Should I move out?
Hello everyone,
I hope everyone is doing good and having a good day. I am a 25-year-old male who is still living at home with mom and dad. I am at the point in my life that I am starting to become mentally depressed over this due to my self-evaluation. I’ve read articles explaining how any young adult who is still living at home after the age of 23 is considered to be a low life or someone who is a failure.
Let me explain a little about myself. Ever since I was eighteen years old I have been working full-time jobs and part-time jobs. During my high school times I never once thought about my future or college. I never even considered what I even wanted to do. I just worked, to be honest. Then we as a family moved to Georgia since my father’s parents who are my Grandparents became sick. I was twenty-one years old when we moved to Georgia. During this time I went to a technical school to attain my fire certifications to get on with a fire department. After school, I landed a job at a fire department at the age of twenty-one since the school was only one semester. During the job, I was sent to EMT school to attain that and after attaining my EMT I was working as a Firefighter/EMT. While running emergency calls I realized how much I enjoyed the medical field and taking care of patients. This led me to want to pursue a degree in nursing. I was twenty-two years old and when I turned twenty-three I ended up getting fired from the job due to conflicting interest with the job and my pursuit with nursing. I was upset with this because I was attending nursing school part-time while working full-time and they fired me just because they say me planning on leaving after attaining my nursing. After this, I had a vehicle that was paid off but ended up totaling it due to weather conditions and my lack of maturity. I regret this completely but there is nothing I can do. When it ended up getting totaled and I achieved the money back I used it to pay off my student loans. The crappy part is I did not end up attaining my nursing degree because recently my parents are planning on moving to Pennsylvania. I was twenty-four now working full-time for an ambulance company making 13.50 an hour. Two months before I turn 25 I landed a seat in a paramedic course. Now I am in paramedic school as a stepping stone to get back on with a good fire department and eventually use it to get my nursing. I am now working in a low-income fire department while going through the process of getting on with a better one right now and working my part-time ambulance job.

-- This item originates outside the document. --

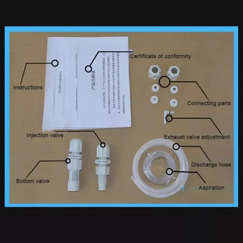 220V Acid Chlorine Chemical Dosing Pump Electronic Metering Pump for Swimming Pool 1L/Hour This Metering Pump only have 220V/50Hz, Please pay attention about the voltage. * NEW Acid Chlorine Chemical Dosing Pump Electronic Metering Pump for Swimming Pool Automatic Electromagnetic * Dosing Equipment * It is mainly used in Disinfection and chlorination of water treatment, RO systermboiler antiscalant , car wash industrial automatic detergent dosage, Aquarium &Swimming pool chlorine automatic dosage, Air conditioning circulating water treatment, Ice machine industryetc. The product quality is stable. Advantages Compatible PVDF pump head and ceramic ball valve standard--- Full Chemcial Compatibility Made of pure solid PTFE, the diaphragm is compatible with most chemcial. Compatible PVDF pump head and ceramic ball valve standard---Full Chemcial Compatibility 1. PVDF is suitable for almost all chemcial used in the industrial, Waste Water Treatment and potable Water applications 2. The use of Ceramic balls as standard improves the pumping reliablity and the chemcial compatibility of the whole liquid end. Parameter: Flow rate: 1L/H Pressure: 10Bar Stroke frequency: 160 strokes per minute Power: 12W Connection size: 4/6mm Weight: 3kg NOTE: 1.lmport duties, taxes and charges are not included in the item price and the freight. These charges are the buyer's responsibility. 2.Please check with your country's customs to determine what these additional costs will be prior to bidding/buying. 3.Please leave your valid phone number when you make order, otherwise we can't guarantee the package would arrive smoothly.

I am saving up for a vehicle right now that is going to be cheap. Roughly 4–8k most. Other than a car payment I will not have any debt. My student loans and paramedic school are all paid off. I have made my mistakes in the past but I just wish I could make up for it. I feel like a loser and a bum. I am working roughly 60+ hours a week between my fire department job and ambulance job.
I made a monthly budget for an apartment. You can copy this link and paste it in another browser.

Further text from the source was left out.